What you should do
Repeat the lines of the data exactly and exclude any picture among them.

Given information
***

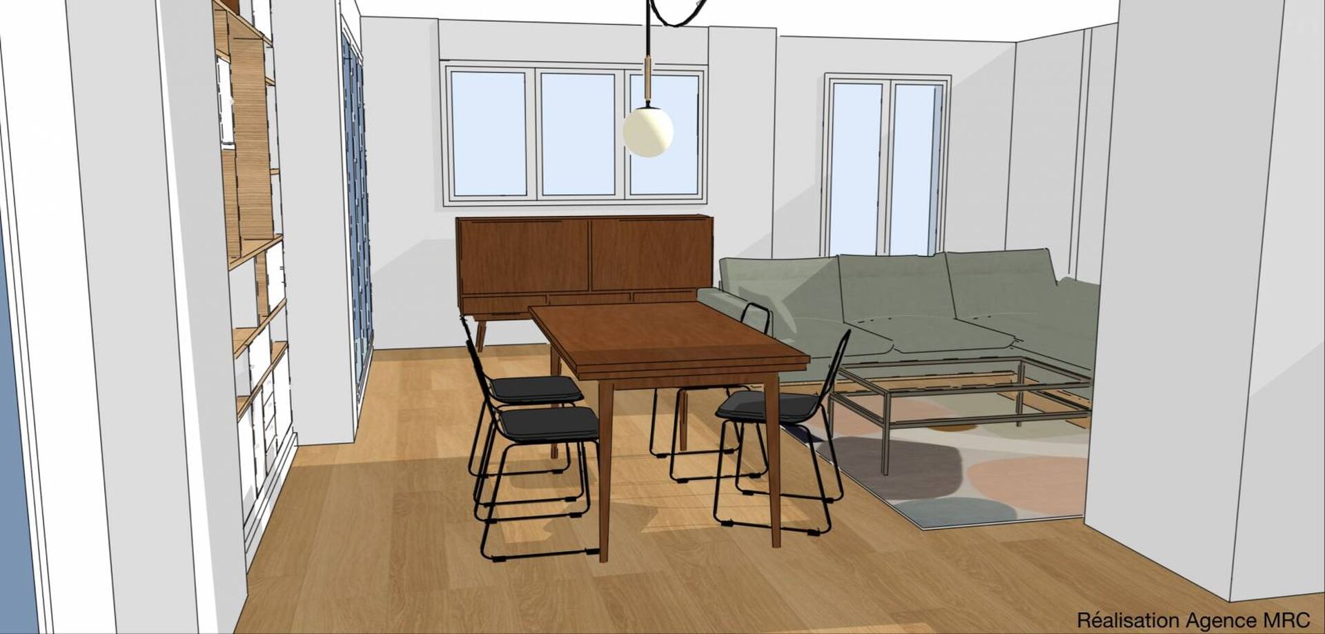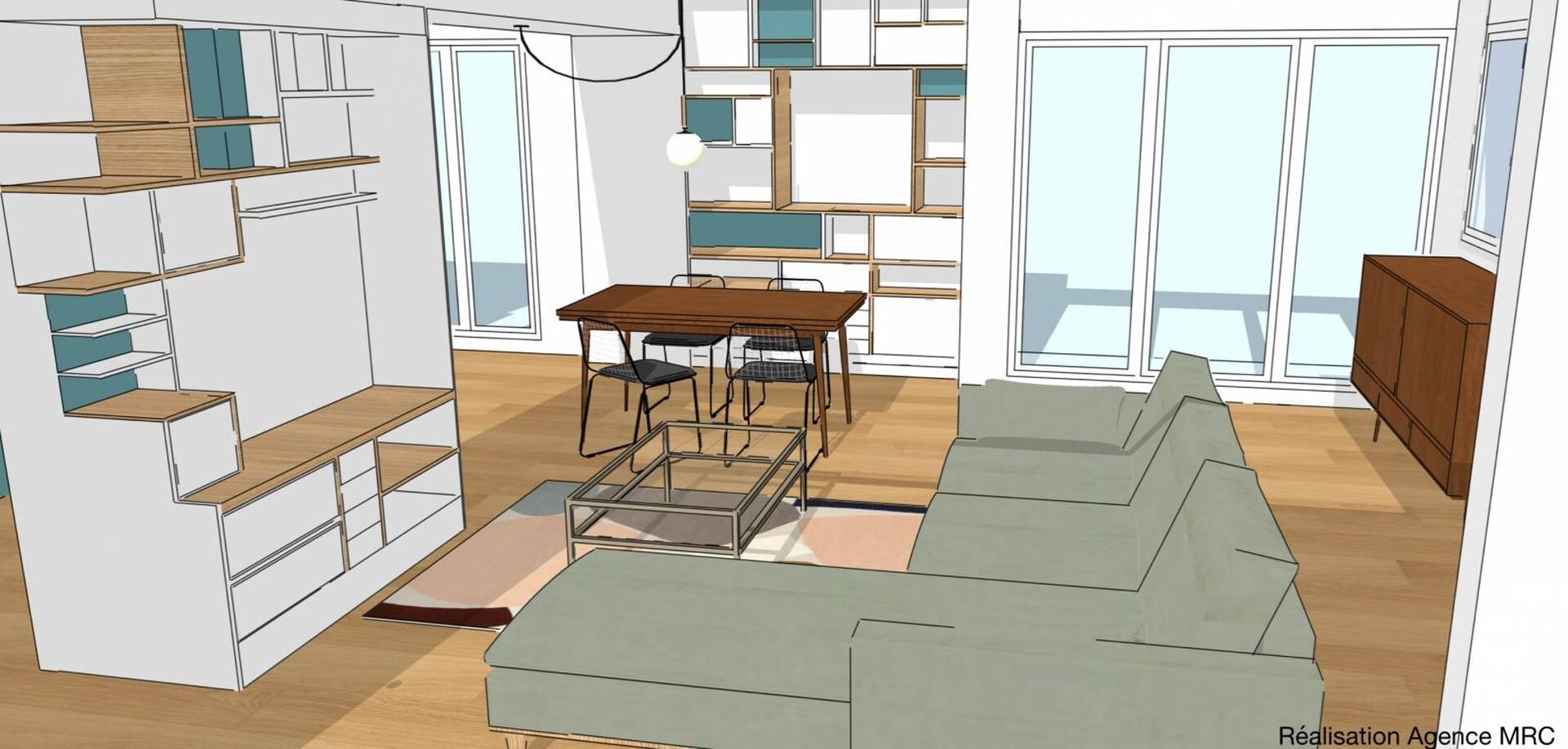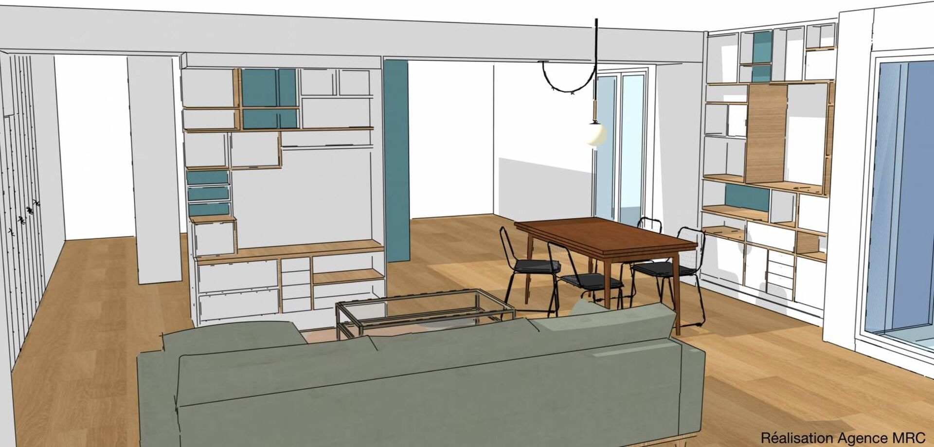 Mise en lumière avec interrupteur pour chaque meuble sous la forme des spots intégrés. Avec deux réseaux avec interrupteur et télécommande pour chaque meuble. Modification pour un des spots intégrés dans le coffrage de la poutre du salon pour l' installation d’une suspension au-dessus de la table de la salle à manger dans un esprit tombant pour mise en valeur de l’espace repas.
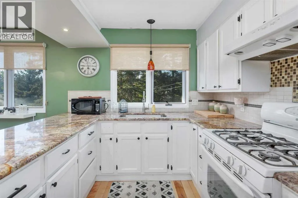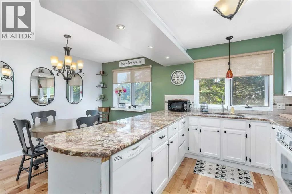 Once Upon a Time in Sundreâ¦On a storybook corner lot of 0.31 acres, tucked right into the heart of Sundre, stands a charming bungalow that feels as if it leapt straight from the pages of a fairy tale. With 4 cozy bedrooms and 2 ½ sparkling baths, this enchanting home is ready to welcome its next chapter of happily ever afters. Step inside, and youâll be greeted by the warmth of hardwood floors beneath your feet and the shimmer of granite counters that glisten like treasure in a sun-drenched, south-facing kitchen. With cupboards as plentiful as the pages in a magical storybook and a natural gas stove fit for a royal feast, meal prep transforms into a celebration. The primary suite, complete with its own private 2-piece ensuite, is your retreat after long adventures. Two additional bedrooms on the main floor are ready to host little dreamers, guests, or perhaps even a home-based salonâonce upon a time, this very home held one, complete with wash sink and laundry connections (still in place in the basement, should you wish to awaken them again). Sunlight streams generously through the homeâs large windows, weaving golden threads across every room. Downstairs, discover a family/games room where laughter can echo long into the night, complete with a grand bar and a separate wet bar, ready for festive banquets. With a spacious 4th bedroom, a bright 3-piece bath, a cold room, and endless storage, this lower level is anything but a dark dungeonâitâs a welcoming extension of the story. Beyond the walls lies your very own enchanted garden oasis. Here, thereâs room for all the princes, princesses, knights, and loyal pets to roam free. A firepit awaits for starlit storytelling, while a two-part shed, RV gate, and single detached garage with covered carport provide safe harbor for all your treasures. And when the season is right, a generous garden plot yields a harvest fit for a kingâs table. This isnât just a houseâitâs the setting where your familyâs next chapter is waiting to unfold. âHome Is Where Your Story Begins!â⦠and this Sundre haven is ready to start the tale. (id:27476)
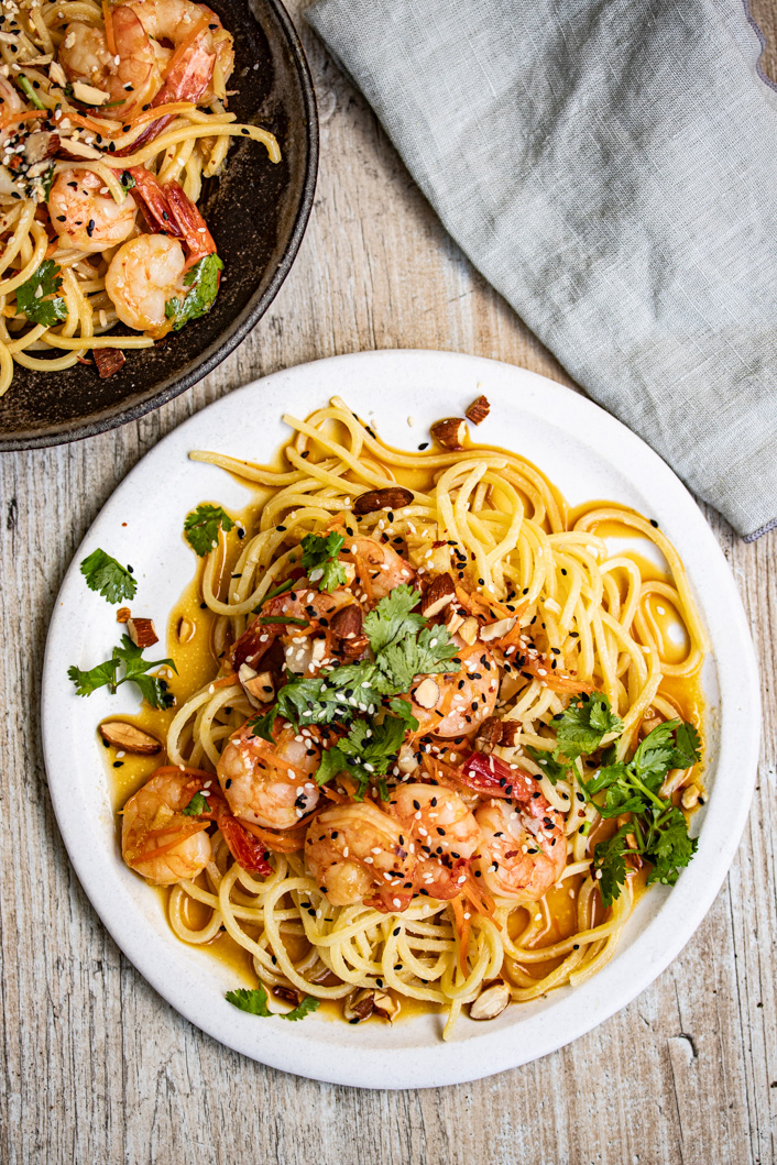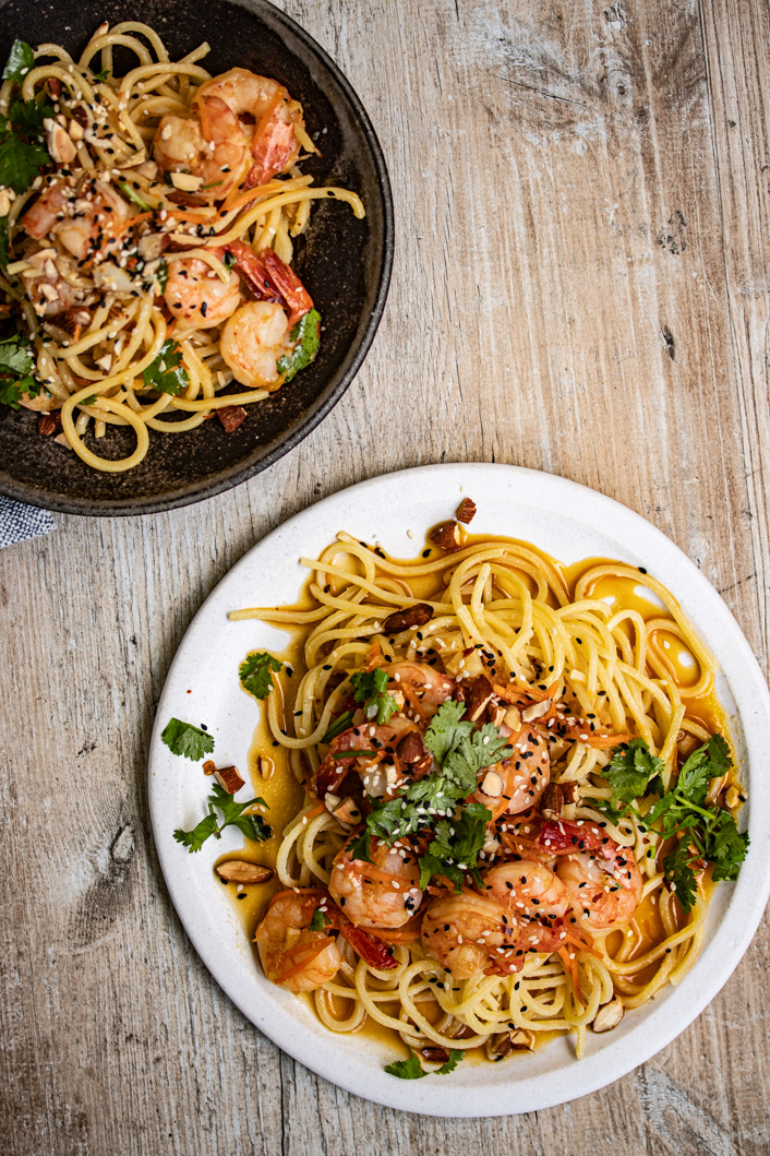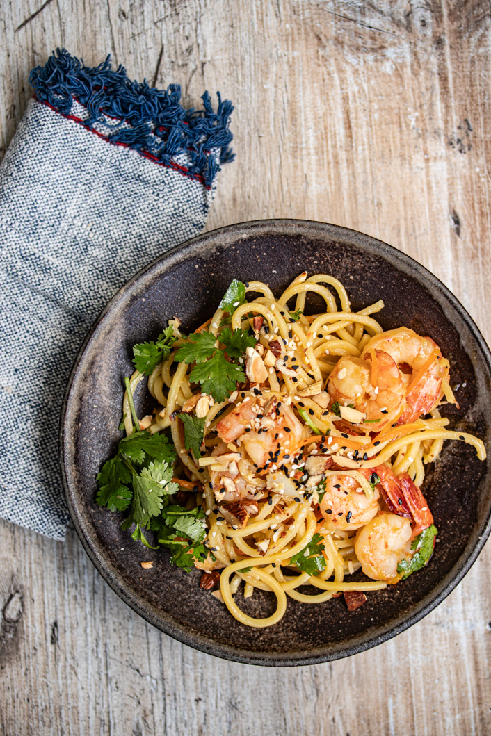 Eiernudeln mit Tamari-Butter, Garnelen und Rauchmandeln

***

Output
 Mise en lumière avec interrupteur pour chaque meuble sous la forme des spots intégrés. Avec deux réseaux avec interrupteur et télécommande pour chaque meuble. Modification pour un des spots intégrés dans le coffrage de la poutre du salon pour l' installation d’une suspension au-dessus de la table de la salle à manger dans un esprit tombant pour mise en valeur de l’espace repas.
 Once Upon a Time in Sundreâ¦On a storybook corner lot of 0.31 acres, tucked right into the heart of Sundre, stands a charming bungalow that feels as if it leapt straight from the pages of a fairy tale. With 4 cozy bedrooms and 2 ½ sparkling baths, this enchanting home is ready to welcome its next chapter of happily ever afters. Step inside, and youâll be greeted by the warmth of hardwood floors beneath your feet and the shimmer of granite counters that glisten like treasure in a sun-drenched, south-facing kitchen. With cupboards as plentiful as the pages in a magical storybook and a natural gas stove fit for a royal feast, meal prep transforms into a celebration. The primary suite, complete with its own private 2-piece ensuite, is your retreat after long adventures. Two additional bedrooms on the main floor are ready to host little dreamers, guests, or perhaps even a home-based salonâonce upon a time, this very home held one, complete with wash sink and laundry connections (still in place in the basement, should you wish to awaken them again). Sunlight streams generously through the homeâs large windows, weaving golden threads across every room. Downstairs, discover a family/games room where laughter can echo long into the night, complete with a grand bar and a separate wet bar, ready for festive banquets. With a spacious 4th bedroom, a bright 3-piece bath, a cold room, and endless storage, this lower level is anything but a dark dungeonâitâs a welcoming extension of the story. Beyond the walls lies your very own enchanted garden oasis. Here, thereâs room for all the princes, princesses, knights, and loyal pets to roam free. A firepit awaits for starlit storytelling, while a two-part shed, RV gate, and single detached garage with covered carport provide safe harbor for all your treasures. And when the season is right, a generous garden plot yields a harvest fit for a kingâs table. This isnât just a houseâitâs the setting where your familyâs next chapter is waiting to unfold. âHome Is Where Your Story Begins!â⦠and this Sundre haven is ready to start the tale. (id:27476)
 Eiernudeln mit Tamari-Butter, Garnelen und Rauchmandeln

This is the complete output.